Psychologists call Attention Deficit Hyperactivity Disorder (ADHD) a neurodevelopmental (mental health) disorder. This means that we think it is mostly caused by mechanisms within our brains. Over time, we have also learned that ADHD might be caused by in-utero exposure to environmental toxins like lead. ADHD is found in children and adults. It is mostly known for causing impulsive behaviours, hyperactivity and difficulty sustaining focus for longer periods of time.

“ADHD is most commonly expressed through inattention, hyperactivity and impulsivity.”

What does ADHD look like?

We’ve come to think of ADHD as something that is best understood on a scale or spectrum. On the one side, we have difficulty sustaining attention and on the other side is hyperactivity and impulsivity. In addition to being forgetful and distracted, being inattentive makes it difficult to stay on task. Alternatively, having high levels of energy and impulsivity make it difficult to sit still or wait in turn to speak.
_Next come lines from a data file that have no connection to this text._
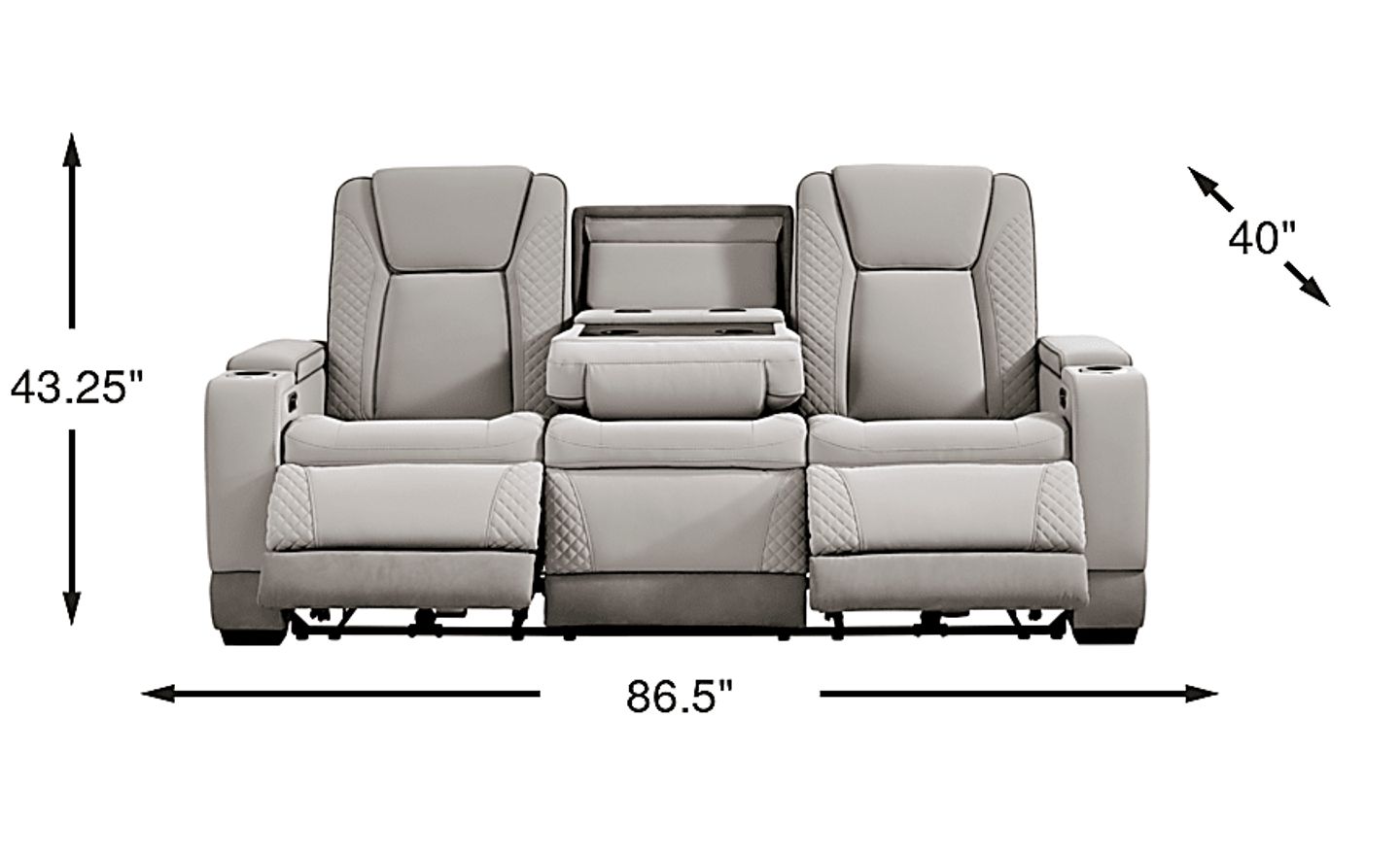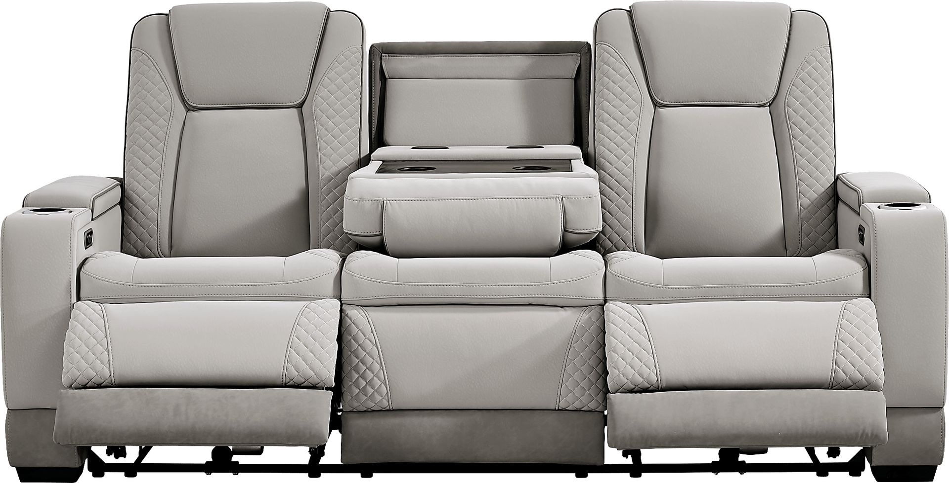 Upscale glamour in the casually cool Donovan Park sofa brings a fresh and lively perspective to the art of everyday relaxation. This contemporary piece's soft gray upholstery showcases refined quilt stitching throughout the arms and seat backs, with welted seams for a tailored appearance. Dual power reclining seats include power adjustable headrests, footrests and a zero-gravity mechanism that positions the legs above the heart for superior pressure relief and a feeling of weightlessness. Built into each sleek track arm is a removable cupholder and hidden storage compartment, and the control panel also features USB-A and USB-C charging ports. For ultimate convenience, this sofa boasts a handy fold down table with cupholders, reading lights and wireless charging. Upholstery: 100% polyurethane.
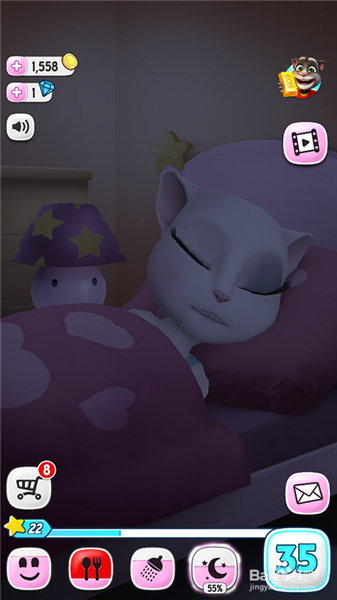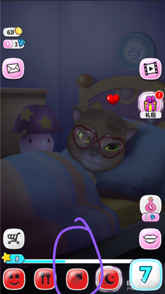 四、安吉拉困了就點(diǎn)擊有月亮的按鈕在按臺(tái)燈把燈關(guān)掉,安吉拉就進(jìn)入睡眠模式了。
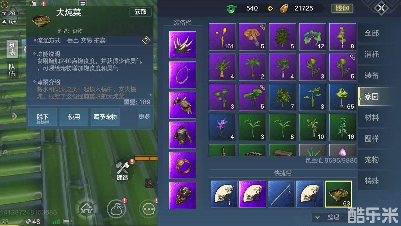 前期采药主要是莽草,可以合成蓝色药品,但是这个东西实在是不太值钱,大家很快就过度到需要使用橙色的药品。而且采药的等级直接关乎树苗和寄生草的产量,所以我推荐前期采棪果(好像叫这个)。它可以提供大量露水以及果子,然后去蹭2级灶台,制作菜汤,恢复240饱食度只需要5秒。而且可以骑上坐骑边跑边吃。
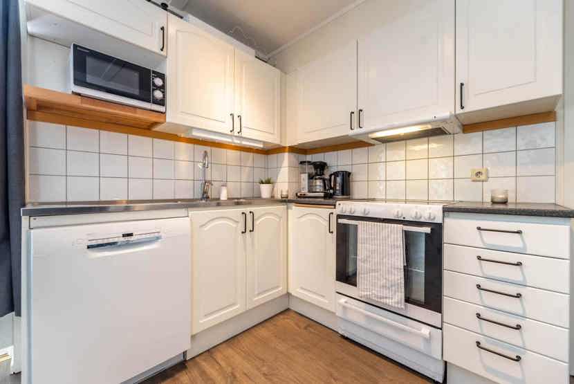 Køkkenet indeholder: elkomfur med ovn, køleskab, frys, microovn, opvaskemaskine.
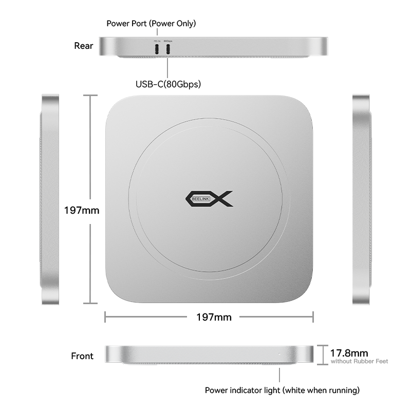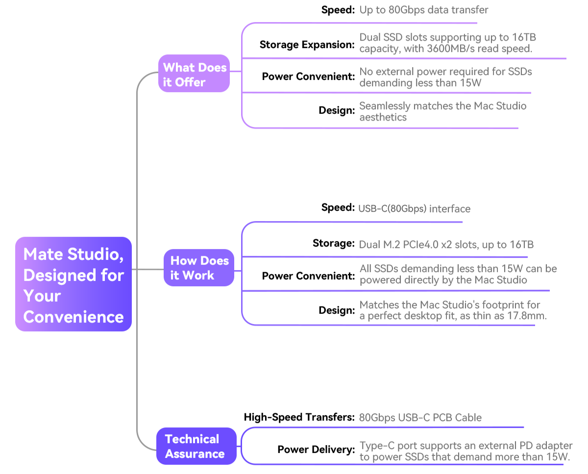 *Das Mate Studio kann ohne externe Stromquelle betrieben werden. Allerdings bei Verwendung von SSDs, die insgesamt mehr als 15 W verbrauchen. Eine unzureichende Leistung kann zu Instabilität führen. Für eine optimale Leistung empfehlen wir die Verwendung eines PD 3.0 Typ-C-Netzteils (15 W oder höher), z. B. eines Standard-Telefonladegeräts.

Someone can also be in the middle of the scale and exhibit aspects of inattentiveness and hyperactivity.

What does Attention Deficit Hyperactivity Disorder feel like?
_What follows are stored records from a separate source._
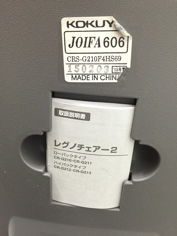 【中古】 レグノチェア2 CRS-G210F4HS69 コクヨ/KOKUYO 肘無ローバックチェア 207281
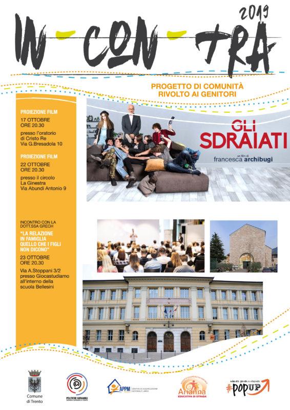 Il percorso autunnale propone due proiezioni gratuite del film Gli sdraiati di Francesca Archibugi, adattamento dell’omonimo libro di Michele Serra, giovedì 17 ottobre alle 20.30 presso l’oratorio di Cristo Re in via Bresadola 10 e martedì 22 ottobre alle 20.30 presso il circolo La Ginestra in via Abondi 9.
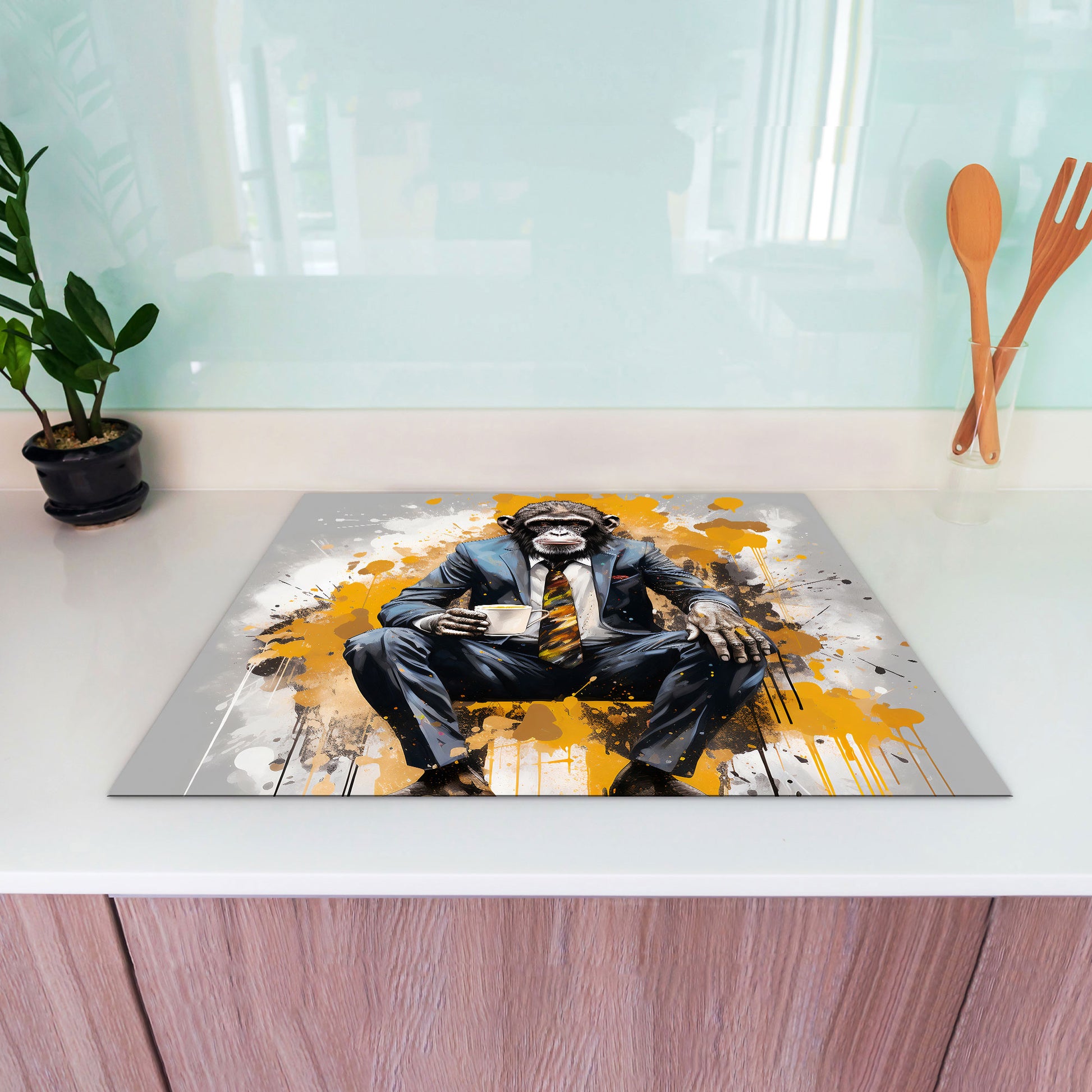 Pop Art Gorilla im Anzug Herdabdeckplatte Induktionsschutz für Ceranfeld & Küche Deko

People experience ADHD in a variety of ways. Over time an individual’s symptoms may also change. However, despite variances between individuals, there is commonality.

4 Common ADHD Symptoms

  1. Finding it extremely difficult to focus on unstimulating tasks.
  2. Feeling overloaded with ongoing or torrential thoughts.
  3. Being nervous of what might have been forgotten.
  4. Wandering attention, daydreaming and lost time.
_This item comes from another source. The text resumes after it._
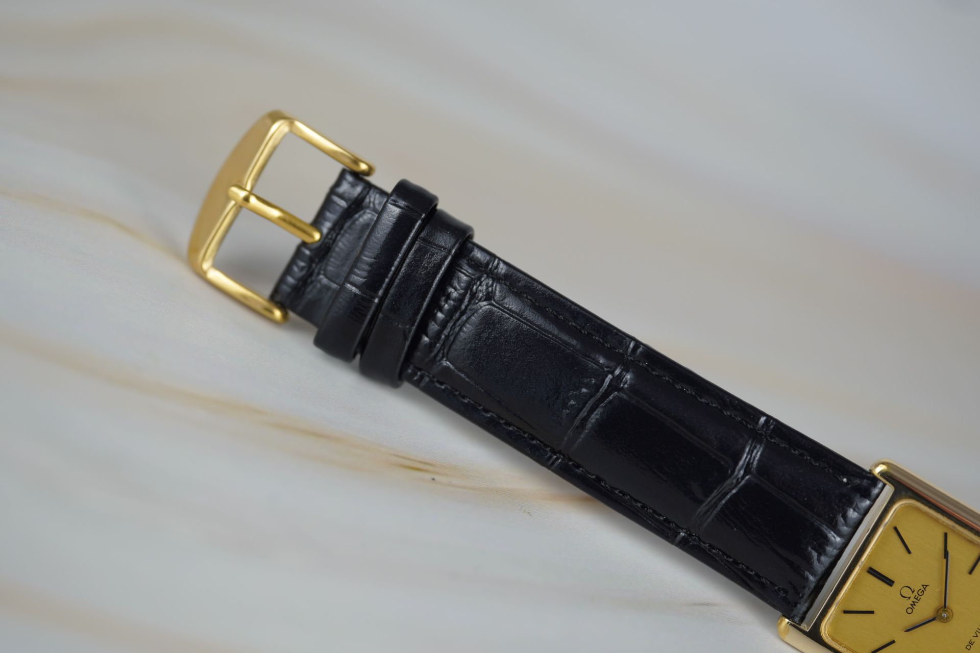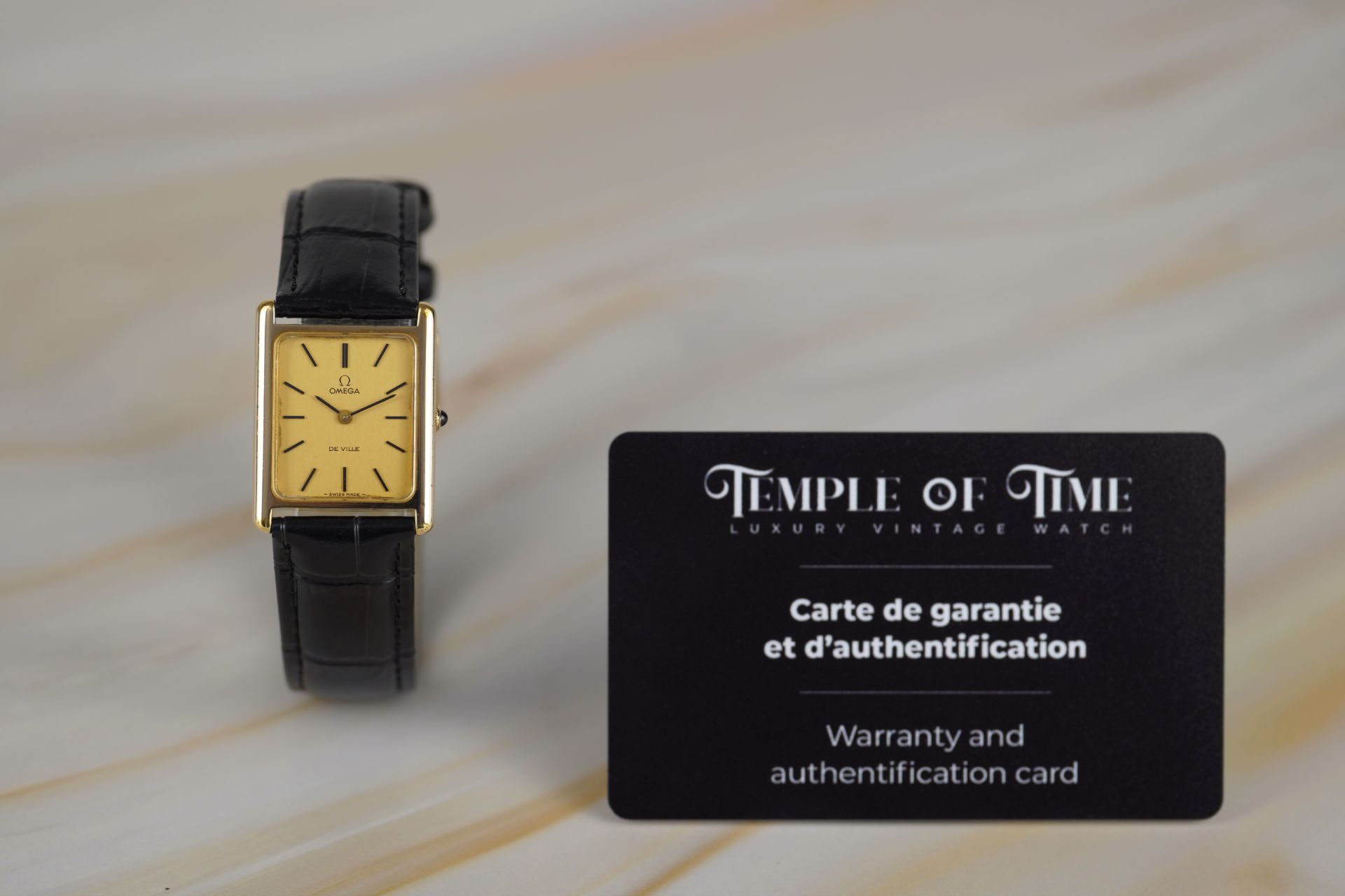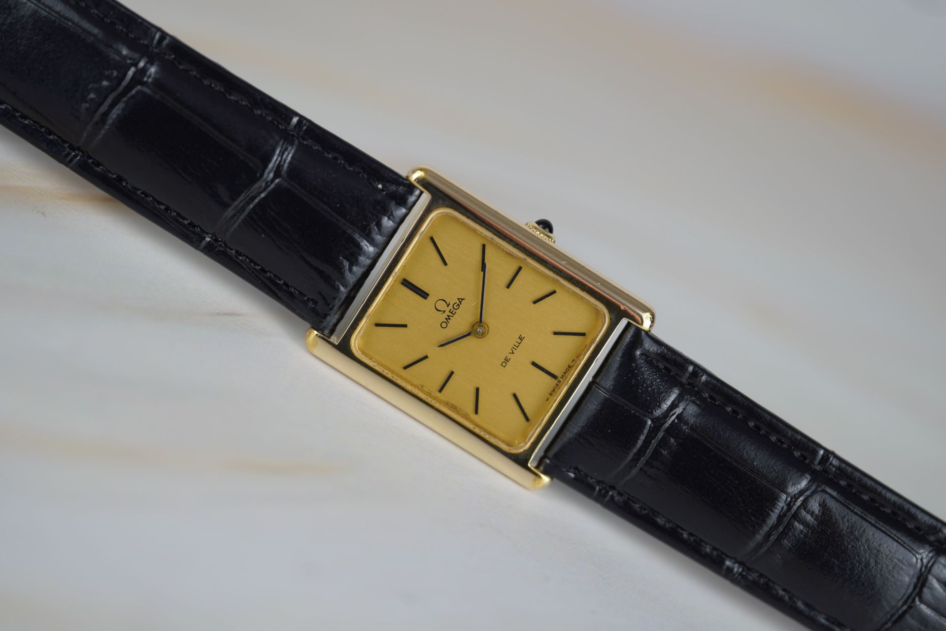 Découvrez l’élégance intemporelle avec cette montre unisexe Omega De Ville « Tank », référence commerciale 511 040. Son boîtier plaqué or de 24.5mm de diamètre et de seulement 6.3mm d’épaisseur abrite un mouvement à remontage manuel, témoignage de la finesse horlogère de 1997. Le cadran est sublimé par un bracelet en cuir noir et une boucle ardillon, non d’origine, apportant une touche de modernité tout en respectant l’esthétique classique de cette pièce en très bon état. Cette Omega De Ville est livrée seule. Elle bénéficie d’une garantie de 12 mois.

How can ADHD impact your life?

Although being overly distractible or excitable (or somewhere in-between) can sound relatively benign, living with Attention Deficit Hyperactivity Disorder is difficult, for children and adults alike.

“Having ADHD can be frustrating, isolating and emotionally tumultuous.”

Parenting a child with ADHD

ADHD makes it more difficult for a child to develop control, attention, behaviour, and emotion-regulating skills. Accordingly, parents might feel like they are constantly needing to address misbehaviour and a family could experience disruptions to routines. This can make managing a child with ADHD tricky and frustrating. Ahead of diagnosis, many parents feel like their child is misbehaving and disrespecting them. They might also feel embarrassed by their child’s behaviour and concerned with their rate of achieving developmental milestones. 

ADHD and School

ADHD most often emerges for the first time in primary school. Consequently, teachers will report interruptions, difficulty sitting still and now, more frequently, “tuning out” or daydreaming. As a result, children with ADHD can struggle academically and can develop learning problems. This can lead learners with ADHD to be left behind, have low confidence, and be disinterested in school. However, research tends to agree that there is no relationship between ADHD and intelligence. This also means that there are many children with ADHD that do well in school. Which might be a result of them being smart and able to pick up on new concepts very quickly. Or it could be because they put in lots of additional effort when they struggle, so as not to disappoint parents or teachers.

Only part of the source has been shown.